E’ uno dei primi eventi del primo giorno di Festival, di conseguenza ci si potrebbe aspettare un pubblico a chiazze e molti vuoti tra le sedie che riempiono il bellissimo Cortile della Cavallerizza, nel Palazzo Ducale. Ma così non è, perché il pubblico va ben oltre gli addetti ai lavori e i mantovani, sembra il pubblico del weekend, quello che fa la fila davanti agli eventi che si assiepa.
Davanti a questa marea di gente che ascolta attenta, Peter Florence presenta l’Africa letteraria, sintetizzata in quattro nomi, quattro facce.

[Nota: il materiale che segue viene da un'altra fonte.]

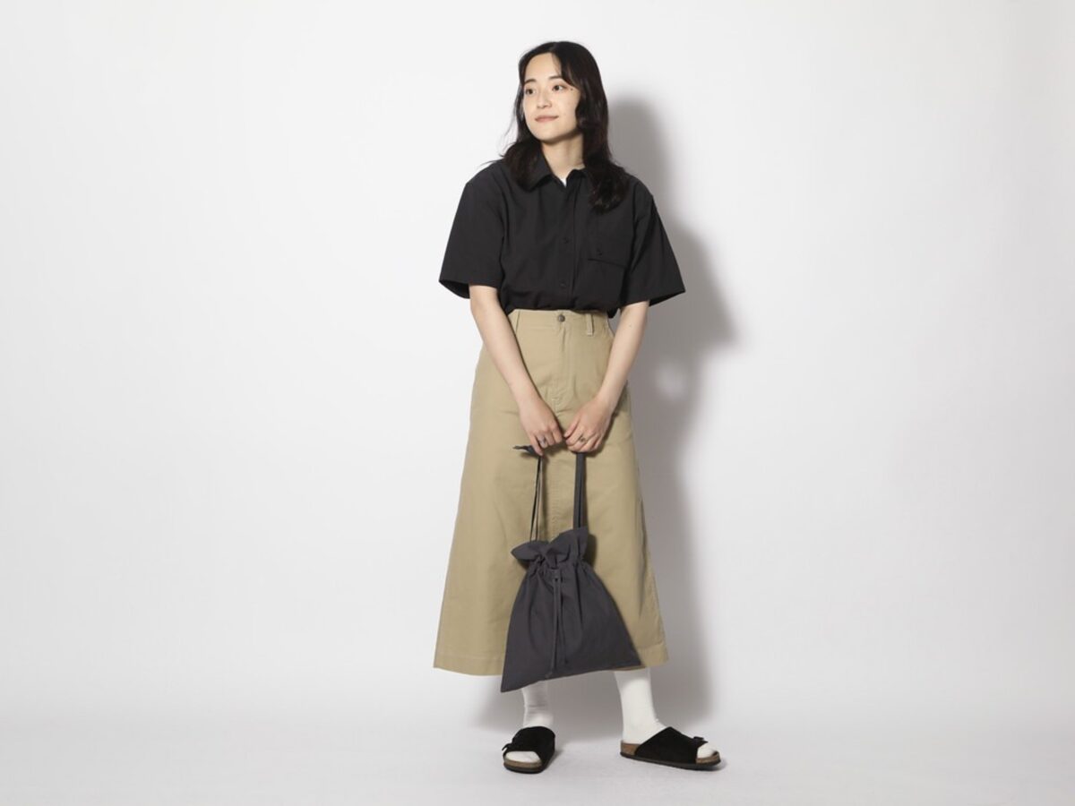 アイテムでは、シャツやパンツに加え、オーバーオールやウィメンズ用のロングスカートまで幅広くラインナップ。ユニセックスでも着用できる豊富なサイズを用意しています。カラーでは、今季はブラック、カーキ、ライトグレーの3色を展開します。

La stella della serata è la sudafricana Nadine Gordimer, vincitrice del premio Nobel nel 1991 e autrice di libri memorabili come Storia di mio figlio o Vivere nell’interregno, ma attorno a lei ci sono Natalia Molebatsi, anche lei sudafricana, la nigeriana Chika Unigwe e l’ugandese Timothy Wangusa.
Quei quattro visi, quelle quattro voci che parlano altrettanti inglesi differenti sono la voce dell’Africa, la voce dei senza voce, quella che, costretta ad usare la lingua dei colonizzatori per comunicare, non si fa schiacciare da questa costrizione, ma al contrario la sfrutta ne trae forza.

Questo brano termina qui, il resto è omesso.